After running these commands, you should see output indicating that the services have started successfully. The `-D` flag keeps the services running in the foreground, so each command needs its own terminal.

## Step 6: Test your Slurm Cluster

1. Run this command **on the primary node** (`node-0`) to check the status of your nodes:

   ```bash theme={"theme":{"light":"github-light","dark":"github-dark"}}
   sinfo
   ```

   You should see output showing both nodes in your cluster, with a state of "idle" if everything is working correctly.

2. Run this command to test GPU availability across both nodes:

   ```bash theme={"theme":{"light":"github-light","dark":"github-dark"}}
   srun --nodes=2 --gres=gpu:1 nvidia-smi -L
   ```

   This command should list all GPUs across both nodes.

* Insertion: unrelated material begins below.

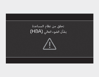 إذا لم يعمل مساعد الضوء العالي على نحو صحيح، فستظهر رسالة التحذير لثوانٍ معدودة. عندما تختفي الرسالة، سيظهر مصباح التحذير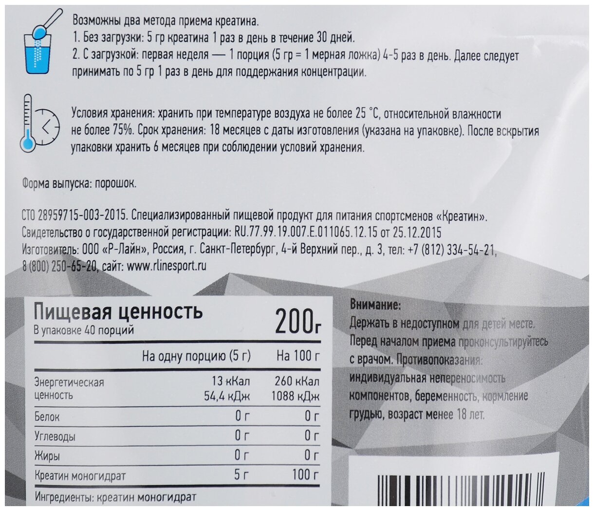 Креатин моногидрат Rline Creatine Simple, порошок, дой-пак 200 г

## Step 7: Submit the Slurm job script

Run the following command **on the primary node** (`node-0`) to submit the test job script and confirm that your cluster is working properly:

```bash theme={"theme":{"light":"github-light","dark":"github-dark"}}
sbatch test_batch.sh
```

Check the output file created by the test (`test_simple_[JOBID].out`) and look for the hostnames of both nodes. This confirms that the job ran successfully across the cluster.

## Step 8: Clean up

If you no longer need your cluster, make sure you return to the [Instant Clusters page](https://www.console.runpod.io/cluster) and delete your cluster to avoid incurring extra charges.

<Tip>
  You can monitor your cluster usage and spending using the **Billing Explorer** at the bottom of the [Billing page](https://www.console.runpod.io/user/billing) section under the **Cluster** tab.
</Tip>

## Next steps

Now that you've successfully deployed and tested a Slurm cluster on Runpod, you can:

* **Adapt your own distributed workloads** to run using Slurm job scripts.
* **Scale your cluster** by adjusting the number of Pods to handle larger models or datasets.
* **Try different frameworks** like [Axolotl](/instant-clusters/axolotl) for fine-tuning large language models.
* **Optimize performance** by experimenting with different distributed training strategies.